Pancreatic ductal adenocarcinoma (PDAC) is characterized by an asymptomatic disease course, high mortality rate, and resistance to conventional cancer treatments in advanced stage. However, membrane proteins are underexplored as potential therapeutic targets in metastatic PDAC for molecular-targeted therapy. To address these hurdles, we extracted and profiled the membrane proteins in both metastatic PDAC AsPC-1 and SW1990 cell lines using the LCMS/ MS approach, followed by pathway analysis with STRING and REACTOME bioinformatics databases.

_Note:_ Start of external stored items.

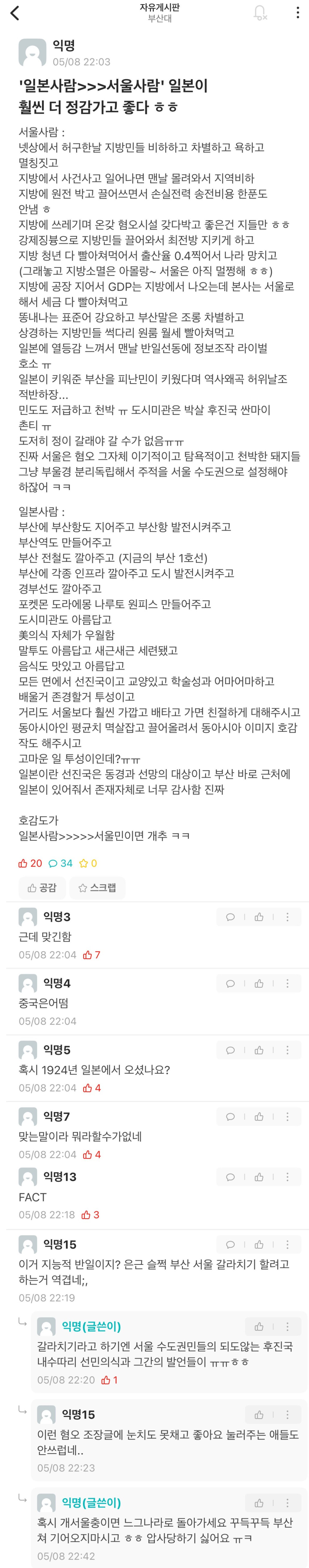 서울사람보다 일본인이 더 좋다는 부산대 에타 ㅎㅎ
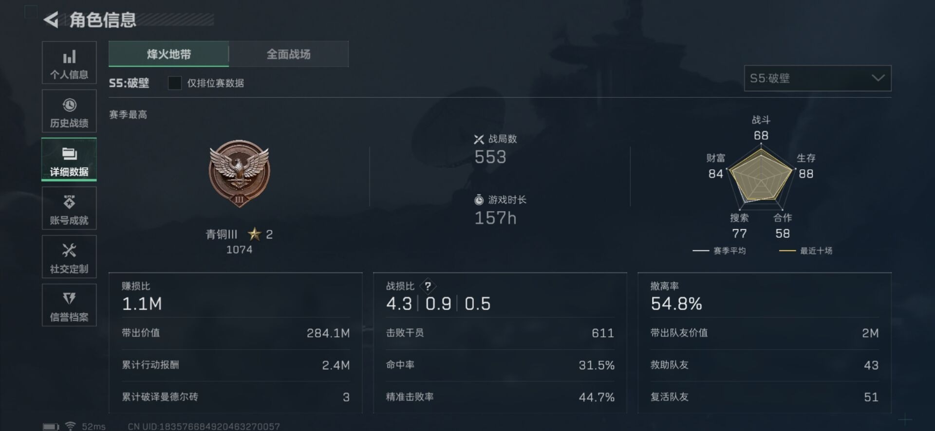[11603925]总资产:153.4M 7传说枪械 哈夫币:11.337K 进阶安全箱(2×2)9.15号到期 可二次 可修改实名 烽火地带段位:青铜 全面战场段位:无段位 传说武器皮肤:M4A1突击步枪-阿米娅,CAR-15突击步枪-阿米娅,复合弓-黑-天际线,AWM狙击步枪-捞点薯条,腾龙突击步枪-捞点薯条,93R-捞点薯条,勇士冲锋枪-能天使-午夜邮差 史诗武器皮肤:SV-98狙击步枪-林中猎手,SV-98狙击步枪-囚徒,QBZ95-1突击步枪-曙光,SVD狙击步枪-阿萨拉工艺
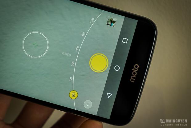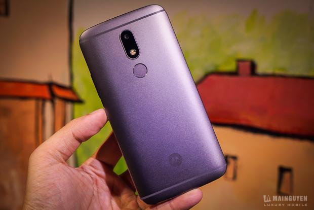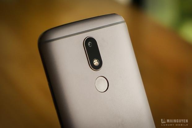 Điểm nhấn ở mặt lưng ngoài cảm biến vân tay là cụm camera chính và đèn flash LED thiết kế lồi trông như một cụm camera kép. Ở mặt trước, Moto M sở hữu màn hình 5,5 inch Full HD, mặt kính vê mép 2,5D. Phía trên màn là loa thoại, cảm biến và camera selfie. Trong khi ở dưới chỉ có logo hãng.
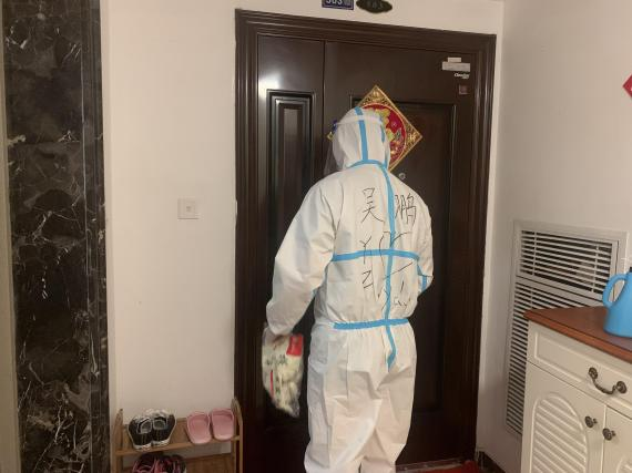 說干就干,大家迅速翻找出此前已經整理好的業主資料和信息,從中挑選出空巢老人住戶和封閉隔離住戶,然后換上防護服,推上小推車,前往各樓棟,進行分發。分發時,還細心詢問了業主的口味,盡量滿足大家的喜好。
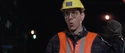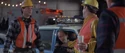 Many hours later, now well into the evening, at the same spot on First Avenue, Egon Spengler was dressed like a road worker and used a jackhammer. A police squad car braked near him. The First Cop yelled "Hey!" from his seat to get Egon's attention then asked him how he was doing. Egon asked the officer if he was talking to him. He was. Egon improvised and told him it was cutting fine. The officer asked him why he was cutting. Peter and Ray exited Libby's Coffee Shop and exchanged looks. Egon repeated his question. The officer was waiting for an answer. Egon called out to the "boss" and gestured at them to come over. They walked back over to Egon. Peter spoke in a thick stereotypical accent of a blue collar man. Peter asked Egon who told him to stop cutting. The officer repeated himself again. Peter turned to the First Cop and played along, asking him if he told Egon to stop cutting. The officer confirmed that and repeated himself. Peter stalled with rhetoricals and pointed out they let the police work. Ray emulated Peter's blue collar impression. Ray explained they were working overtime because "some diaper bag downtown" was being a jerk and making them work on a Friday night. Peter agreed. He asked Egon. Egon shouted, "Yo!" They all giggled. The officer capitulated and told them to take it easy. The squad car drove away. Ray asked Egon what he had been doing. Egon was incensed and pointed out that while they were getting coffee for an hour, he dug a big hole in the middle of the street. Ray looked down the hole in amazement and gathered Egon uncovered an old air shaft that went on and on. Egon took readings with the Giga Meter while Ray aimed his flashlight down the hole. Egon remarked it was very intense and suggested they get a deeper reading. Ray agreed. They stood back up. Egon noted someone had to go down there. Ray agreed. Ray looked up and realized Peter and Egon were staring at him.
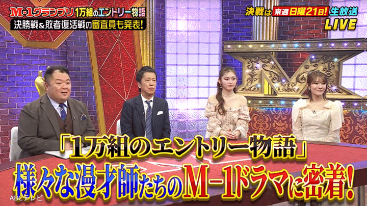 なお、二者面談の密着映像は、12月14日に生放送された特番『M-1グランプリ 俺たちだって面白い!1万組のエントリー物語』(ABCテレビ)で公開された。ちなみに、『M-1グランプリ2025』の決勝は12月21日よる6時30分から、同大会の敗者復活戦は同日午後3時から、ABCテレビ・テレビ朝日系列全国ネットで生放送される。
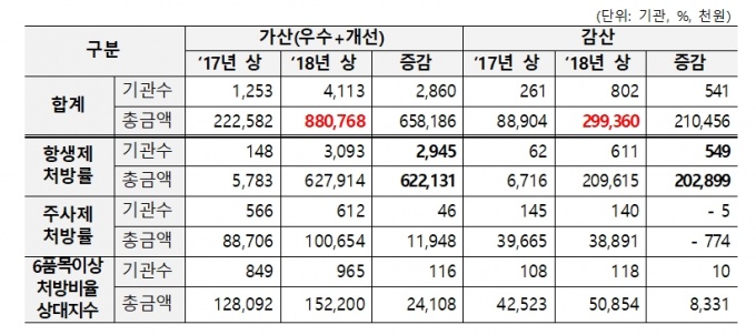 ÀÌ´Â 2¸¸9000¿© °³ ÀÇ¿ø±ÞÀÇ 2¾ï7000¸¸ °ÇÀÇ Áø·áºÐÀ» Åä´ë·Î Ç×»ýÁ¦ 󹿷üÀ» ºñ·ÔÇØ ÁÖ»çÁ¦ 󹿷ü, 6ǰ¸ñ ÀÌ»ó ó¹æºñÀ² µîÀÇ Æò°¡¸¦ ÁøÇàÇÑ °á°ú´Ù.
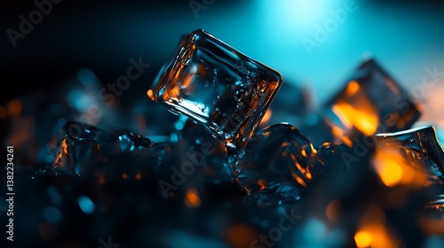 Icy Cubes Dark Blue Orange Abstract.

Based on our findings, both AsPC-1 and SW1990 cell lines shared seven membrane and membrane-associated proteins that related to cancer invasion, including annexin A2 (ANXA2), vimentin (VIM), keratin type I cytoskeletal 18 (KRT18), keratin type I cytoskeletal 19 (KRT19), keratin type II cytoskeletal 8 (KRT8), actin cytoplasmic 2 (ACTG1), and plectin (PLEC). Meanwhile, we also identified another two membrane-associated proteins that related to the metastasis event in the SW1990 cell line, namely galectin-1 (LGALS1) and alpha-actinin-1 (ACTN1). Our GO enrichment analysis results from STRING indicated that these identified proteins are highly interconnected and play essential roles in cancer invasion. They often act collectively and synergistically to modulate the cytoskeletal network within the cell to facilitate cancer invasion. Additionally, we also managed to identify both cell lines shared nine enriched pathways that related to carcinogenesis. Among nine enriched pathways, the collagen formation (R-HSA-1474290) is particularly noteworthy. On top of that, we identified another two enriched pathways that related to the tumour formation in the AsPC-1 cell line, namely the metabolism of serotonin (R-HSA-380612) and assembly of collagen fibrils and other multimeric structures (R-HSA-2022090). As for the SW1990 cell line, another three enriched pathways that related to cancer progression were determined, namely cell recruitment (pro-inflammatory response) (R-HSA-9664424), interleukin-12 signalling (R-HSA-9020591) and cell surface interactions at the vascular wall (R-HSA-202733). In conclusion, our study provides valuable insights into key membrane and membrane-associated proteins, and enriched pathways involved in PDAC invasion and metastasis. These findings contribute to a deeper understanding of PDAC molecular mechanisms and may aid in the development of targeted therapies for metastatic PDAC in the future.